En una sociedad democrática los resultados
de una contienda electoral son una oportunidad para
medir los niveles de tolerancia. En Venezuela, tanto
ganadores como perdedores se pueden preguntar qué
tanta capacidad existe para aceptar que la victoria
obliga a mayor humildad y respeto por los perdedores y por
el otro, cuánta capacidad se tiene al reconocer que siendo
minoría se debe aceptar la percepción de la mayoría.
Por siglos, pensadores han tratado de definir y estudiar
el concepto de la tolerancia. La interrogante central ha sido
cómo lograr que los seres humanos convivan en convergencia
y no en confrontación. Esto es, cómo convivir en
paz, sin discriminación, armonía y respeto por
quienes actúan y piensan distinto, o simplemente,
los que "no son como uno". El concepto y la manera de
reaccionar ante la diversidad ha evolucionado,
hay matices de tolerancia y sin duda cada día,
por lo general, somos los seres humanos más
tolerantes ante la variada gama de valores y rasgos que
caracterizan a unos de otros. Pensemos por un instante
en la magnitud de encuentros y relaciones diarias
a que nos sometemos. Cuántas realidades no
nos gustan pero las soportamos. El hombre de
la sociedad moderna tiende a sobrevivir tolerando. Aprendemos
a ser mayoría y a vivir en minoría. Podemos convivir
entre tolerar y ser tolerado.
La tolerancia de los individuos se demuestra cuando se practica
y no sólo cuando se habla de ella. Es precisamente
una muestra de coraje la capacidad que se
tiene ante cualquier circunstancia de la vida en sociedad
cuando se es capaz de aceptar que se está en minoría,
y la verdadera prueba de que se es tolerante es cuando se
está en mayoría, precisamente porque es cuando el
individuo no está en la obligación de demostrar
tolerancia. Las sociedades tolerantes son aquellas capaces
de convivir con lo contrario. Los individuos tolerantes
son aquellos que antes que confrontar quieren aprender cómo
son los otros.
Ello puede ser con resistencia o sin resistencia, pero precisamente
moderar las resistencias es parte de la capacidad de demostrarse
tolerante. Las naciones que han intentado ser más homogéneas
en el tiempo en cuanto a conformación racial, cultural,
social, ideológica, económica y política
han demostrado ser las sociedades más intolerantes,
por ende generan conflicto y a largo plazo
son las más frágiles en cuanto a su sobrevivencia.

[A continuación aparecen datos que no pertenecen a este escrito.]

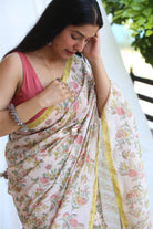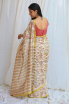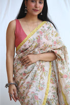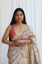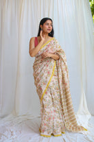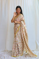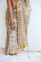 Chitrangada : Cream Sanganeri Floral Handblock Chanderi Saree

Hay sociedades que no han sido toleradas por otras y estas
a su vez son también intolerables en la medida
que son mayoría ante otros grupos.
A diferencia de otras épocas, estos tiempos cada vez
nos señalan más claramente que la diversidad de
espíritu no contradice la capacidad de vivir armónicamente
y en paz. Precisamente forzar las conciencias hacia un pensamiento
ideal provoca en el tiempo la inconsciencia social y la generación
de traumas. Reconocerse en la diferencia es una
garantía para la coexistencia. Es por ello
que la base de sustentación de la tolerancia no puede
soportarse sólo en la evolución de las
conciencias, sino en las leyes, el ordenamiento jurídico.

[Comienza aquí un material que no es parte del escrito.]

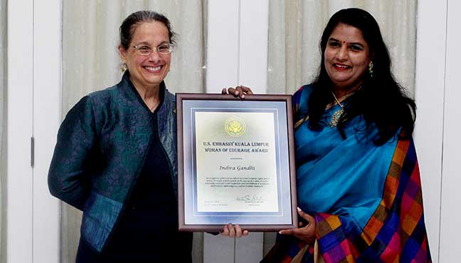Indira Ghandi yang berjaya mencabar keputusan penukaran tiga orang anaknya kepada Islam oleh bekas suaminya telah dicalonkan untuk menerima Anugerah Wanita Berani Antarabangsa minggu lepas. Ia sebagai penghormatan dan pengiktirafan terhadap perjuangan Indira Ghandi selama hampir 10 tahun yang lalu dalam usaha mendapatkan haknya untuk mengenepikan keputusan penukaran agama anaknya.
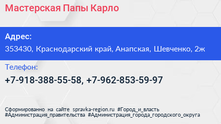 Мастерская Папы Карло по адресу 353430, Краснодарский край, Анапская, Шевченко, 2ж в дальнейшем Организация, размещена в следующих категориях:

En el caso de nuestra Constitución, desde el preámbulo
resalta el carácter tolerante de los principios que
deben regir nuestra coexistencia cuando señala como un
fin de la República establecer una sociedad
democrática… multiétnica y multicultural. La búsqueda
de estos fines no se pueden alcanzar si no existe un proyecto
de sociedad tolerante. El artículo dos establece la pluralidad
política, la cual es inalcanzable cuando una sociedad
no es tolerante. Cuando en el artículo tres nos demanda
la defensa y el desarrollo de la persona y el respeto de su
dignidad, una vez más nos da un mandato hacia la tolerancia.